Exercise goal → Transcribe only the lines of the listing below from the one holding "FRANCE 24’s Kyiv" through the one holding "沿著步道走到堤防邊..來到高雄港地標時..小孩們以跳躍的方式紀念到此一遊..", inclusive, without any change.
─── Given records ───
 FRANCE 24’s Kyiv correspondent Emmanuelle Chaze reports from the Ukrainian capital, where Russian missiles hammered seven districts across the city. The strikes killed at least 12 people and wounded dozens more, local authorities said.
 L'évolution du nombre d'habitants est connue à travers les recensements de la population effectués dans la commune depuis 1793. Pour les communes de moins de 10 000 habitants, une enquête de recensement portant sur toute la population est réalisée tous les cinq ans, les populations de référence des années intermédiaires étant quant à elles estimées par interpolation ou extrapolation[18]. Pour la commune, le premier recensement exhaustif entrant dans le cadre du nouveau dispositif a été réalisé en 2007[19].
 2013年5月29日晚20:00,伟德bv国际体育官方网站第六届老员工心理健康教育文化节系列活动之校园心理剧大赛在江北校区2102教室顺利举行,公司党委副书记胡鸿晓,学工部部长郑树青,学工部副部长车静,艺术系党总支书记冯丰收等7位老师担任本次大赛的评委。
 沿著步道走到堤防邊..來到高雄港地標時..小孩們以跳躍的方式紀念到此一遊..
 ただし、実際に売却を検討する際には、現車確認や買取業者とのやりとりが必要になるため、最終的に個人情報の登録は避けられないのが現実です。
───
─── Given records ───
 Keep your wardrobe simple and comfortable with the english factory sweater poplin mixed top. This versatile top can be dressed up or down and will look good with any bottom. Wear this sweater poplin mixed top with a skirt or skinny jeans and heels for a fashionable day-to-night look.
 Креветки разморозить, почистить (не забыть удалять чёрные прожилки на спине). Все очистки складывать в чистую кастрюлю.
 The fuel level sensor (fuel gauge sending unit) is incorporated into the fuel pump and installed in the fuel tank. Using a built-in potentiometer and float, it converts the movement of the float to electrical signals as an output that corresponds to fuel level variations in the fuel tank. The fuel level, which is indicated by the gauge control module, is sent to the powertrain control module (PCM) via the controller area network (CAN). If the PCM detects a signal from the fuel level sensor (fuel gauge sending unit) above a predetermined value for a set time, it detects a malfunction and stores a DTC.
───
─── Given records ───
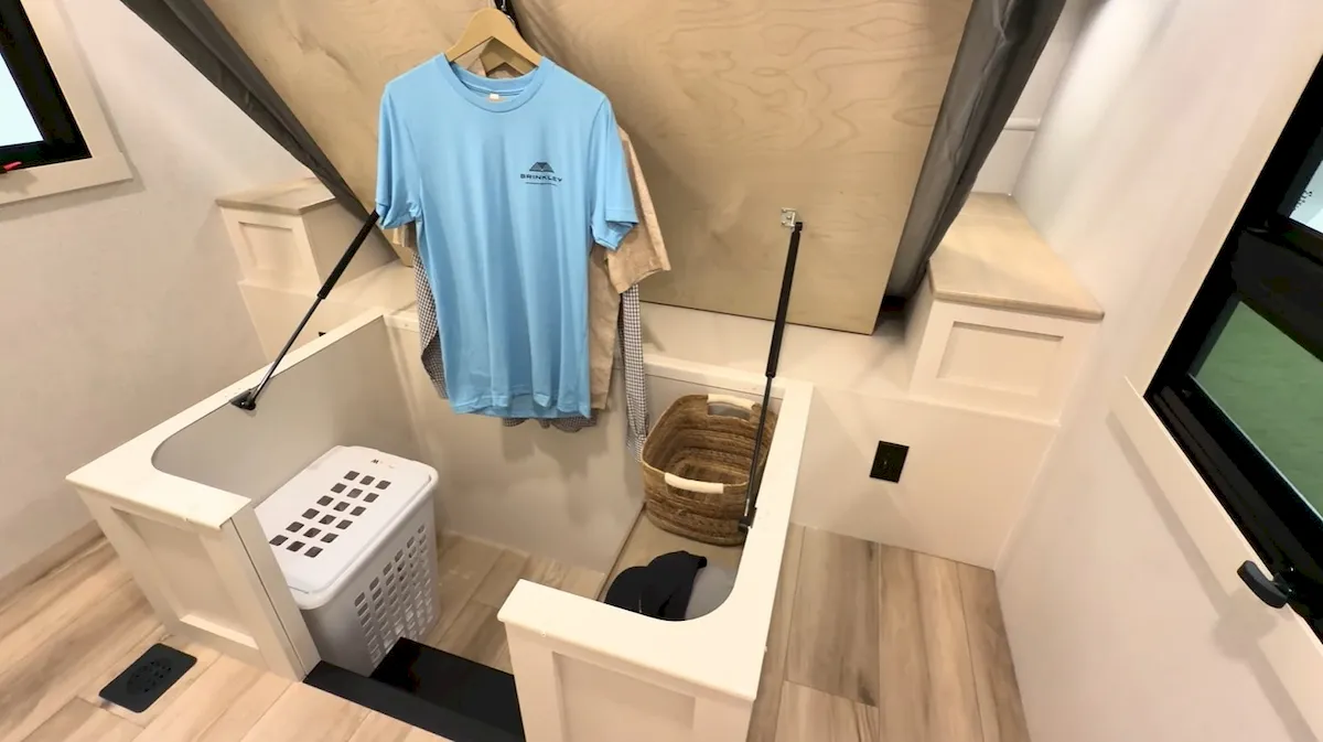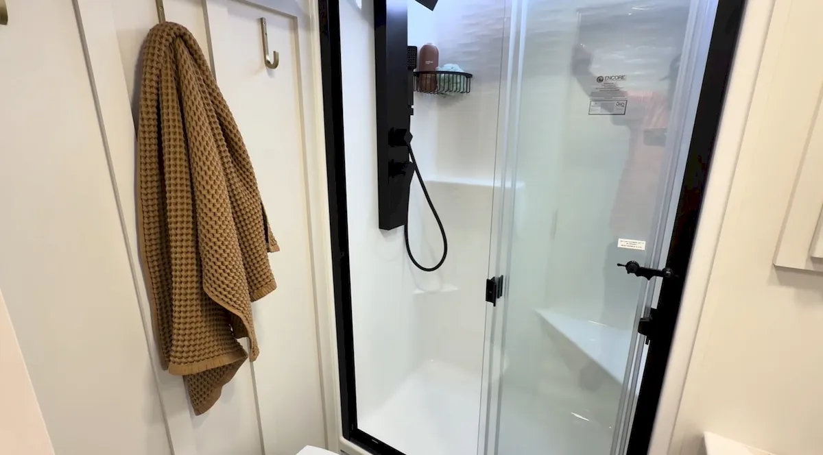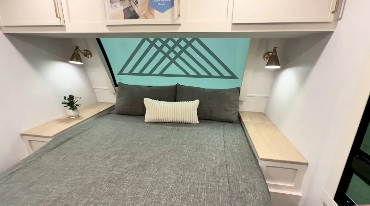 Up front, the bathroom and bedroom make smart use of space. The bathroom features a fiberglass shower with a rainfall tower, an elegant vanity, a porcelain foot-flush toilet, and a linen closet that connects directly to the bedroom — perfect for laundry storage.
───
Response to this task →
 FRANCE 24’s Kyiv correspondent Emmanuelle Chaze reports from the Ukrainian capital, where Russian missiles hammered seven districts across the city. The strikes killed at least 12 people and wounded dozens more, local authorities said.
 L'évolution du nombre d'habitants est connue à travers les recensements de la population effectués dans la commune depuis 1793. Pour les communes de moins de 10 000 habitants, une enquête de recensement portant sur toute la population est réalisée tous les cinq ans, les populations de référence des années intermédiaires étant quant à elles estimées par interpolation ou extrapolation[18]. Pour la commune, le premier recensement exhaustif entrant dans le cadre du nouveau dispositif a été réalisé en 2007[19].
 2013年5月29日晚20:00,伟德bv国际体育官方网站第六届老员工心理健康教育文化节系列活动之校园心理剧大赛在江北校区2102教室顺利举行,公司党委副书记胡鸿晓,学工部部长郑树青,学工部副部长车静,艺术系党总支书记冯丰收等7位老师担任本次大赛的评委。
 沿著步道走到堤防邊..來到高雄港地標時..小孩們以跳躍的方式紀念到此一遊..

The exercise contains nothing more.